In Feeding on Dreams: Confessions of an Unrepentant Exile the Chilean playwright, novelist, and essayist -- exiled voice of the anti-Pinochet resistance throughout the 1980s and '90s -- blows long on the strange forces that subvert the expatriate's efforts to reconstruct a life.
But "Feeding on Dreams" is also a story of rejection. The Chile of revolutionary struggle and progressive experimentation Dorfman was forced to flee is gone once the dictatorship is lifted and he returns.
His adopted country's embrace of neo-liberal policies during the author's 20 years in the hinterlands changed Chile for good, structurally and spiritually. We learn from this account that the literal massacre of the left opposition is an act with permanent ramifications.
As Dorfman worked abroad to keep the dead and deposed president Salvador Allende's ideas alive, while exposing the Pinochet dictatorship's chronic addiction to murder, the country had moved on.
Written over a backdrop of big history, a U.S.-backed coup and narrow escape into exile, "Feeding on Dreams" is really a tale of subtler things. Dorfman lost a country and status and he writes of the slights and adjustments endured.
Trying to shield their children from the fear of capture or murder beclouding their lives, mother and father eventually learn they have done nothing of the kind. That they live in danger, insecurity, and their children are fully affected by them.
Dorfman is something of a relic: the engaged leftist intellectual who uses his art to further the working class cause, while actively pursuing goals in the political arena. They just don't make them like this anymore.

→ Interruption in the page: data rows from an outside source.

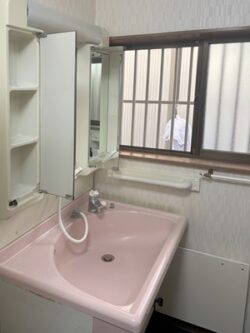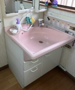少しレトロな雰囲気だったピンクの洗面台がすっきりスタイリッシュになりました。使い勝手の良さもぐっと向上し、毎日の身支度がもっと快適になるはずです。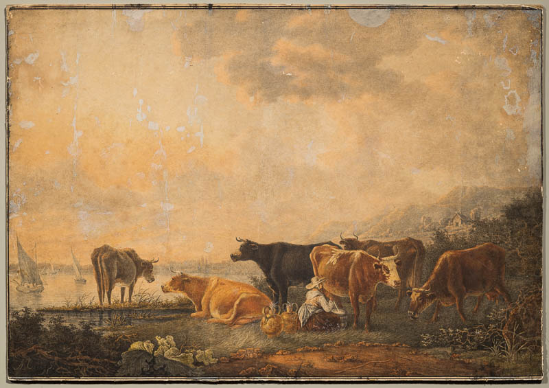 Kopie nach Aelbert Cuyp (Dordrecht 1620 - 1691), Kühe am Ufer eines Flusses mit melkender Frau. Rechts Hügellandschaft mit Holzhütte.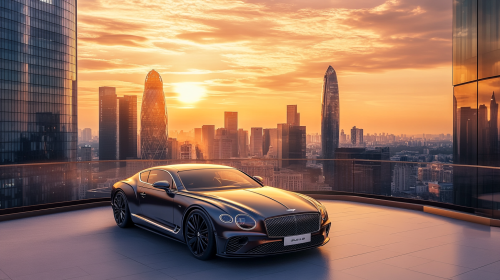 A luxury car parked on a high-rise rooftop overlooking a modern city skyline at sunset, soft golden light reflecting on glass skyscrapers, high-end urban setting, sleek and refined, ultra-realistic --ar 16:9 --v 6.1
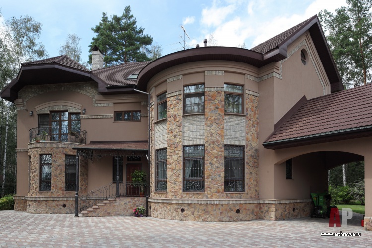 Облицовочные материалы, наружная отделка – полимерная штукатурка BauColor, поставщик «Инбау »; отделка цоколя и декоративные пояса – камень и плитка, поставщик Kamrock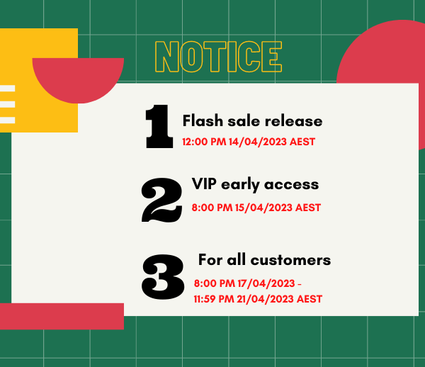 VIP members (Silver and above) have early access to the sale starting at 8:00 PM on 15/04/2023 AEST. For all customers, the sale will open at 8:00 PM on 17/04/2023 AEST and will be until 11:59 PM on 21/04/2023 AEST. Please make sure to mark your calendars for our upcoming 16th Anniversary Flash Sale!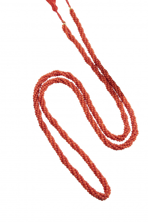 115. Sautoir de coral en malla tubular de cuentas esféricas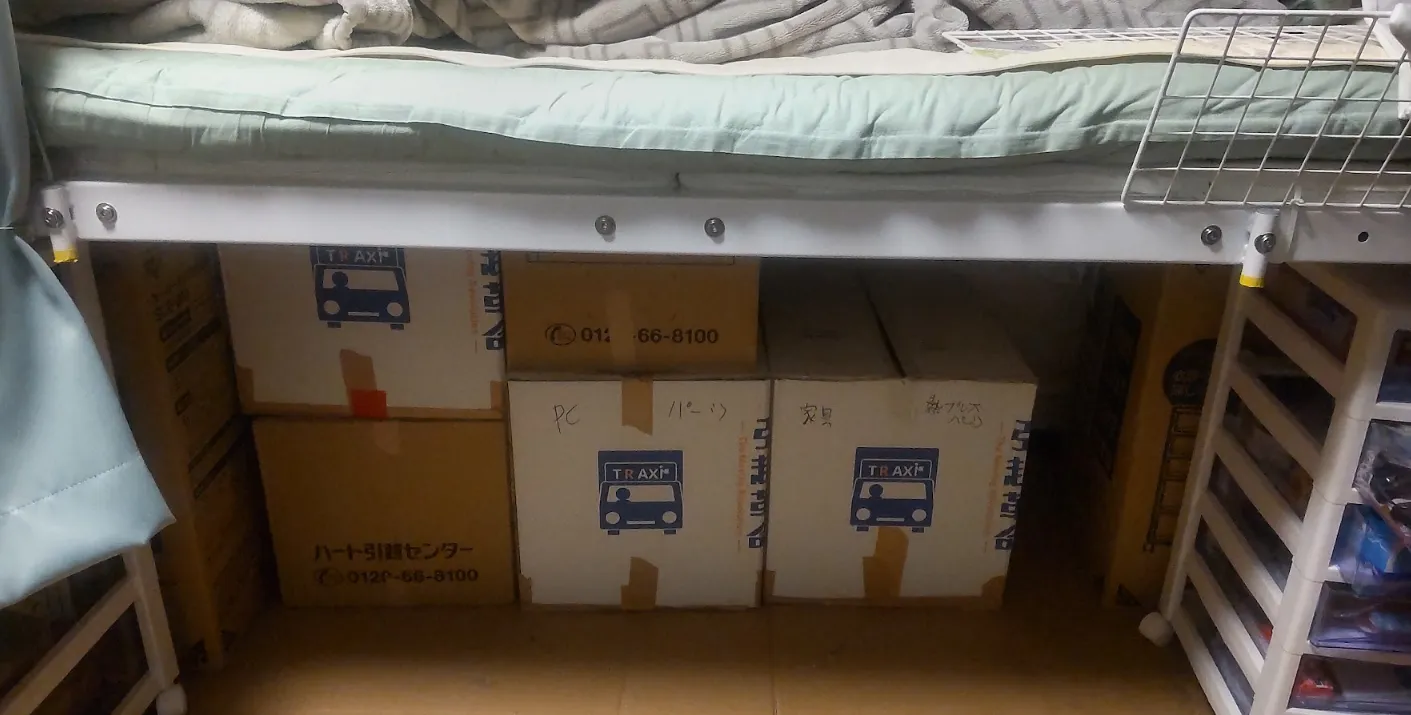 狙い通りベッド下の荷物の出し入れはしやすくなった。柵を外したことで剛性は多少下がるとは思うが、今の使用環境上問題なさそうである。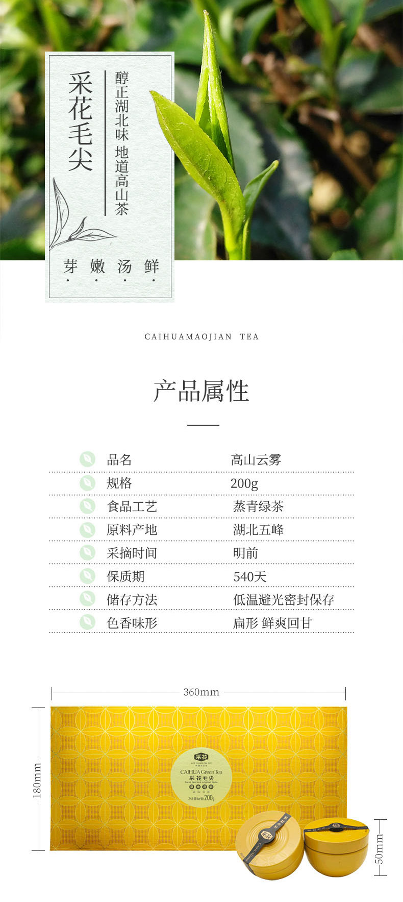 采花明前茶高山云雾茶礼盒装200g 包邮

His time is one when the world was split into two large camps represented, more or less, by their choice of economic religion. Dorfman's crowd was typical of the post-war left, rainbow in aspect, but driven by communist discipline, numbers and money.
He survives exile thanks to the assistance of countless solidarity groups spawned by the socialist and communist parties around the world. Their tenacity and commitment are noteworthy and detailed.
The good and the bad.
Residing in Holland thanks to assistance from some local and left-wing outfit, the author runs afoul of a good friend and ally through some strange misappropriation of money he was given.
The help was firm, but the qualifying criteria stringent.
Dorfman made two returns to Chile, once during the dictatorship and then post-Pinochet. Neither went well. There was a nagging guilt at having escaped what became a rather expansive concentration camp. There is the change in once-idealistic allies' more cynical view of politics and its purposes.
Having not lived the fear, Dorfman stakes his claim to a rightful place in the Chilean intelligentsia by writing a play that gets up everybody's noses. Those who have lived the horror have agreed to not talk about the horror, to try and leave it behind.
Dorfman's play, successful in other places, fails miserably in Chile. They are not ready for his in-depth accusatory. He has no constituency there and ends up in North Carolina.
The author is humble, bemused, and possessing of aplomb throughout this difficult account of a man slipping, stubbing, and stumbling across the planet. He is frank about his self-assessment when it came to marketing his writings on Chile to the top newspapers in the U.S. and aware the value his personal tragedy gave that work.
He is a writer and given to metaphorical flight. Be prepared to know that a stick of a tree growing somewhere in Santiago actually signifies exile and return, a long-ago friend who has held the flame of continuity even as the spurned son floundered on foreign shores...
But we jest. The literary insight to the things Dorfman has seen open up broader vistas, engage the spiritual as much as the factual.
He writes lovingly of the place and longingly for the politics of solidarity that put him at the maelstrom of Chilean history. His pain is clear, because he confronts it in this book.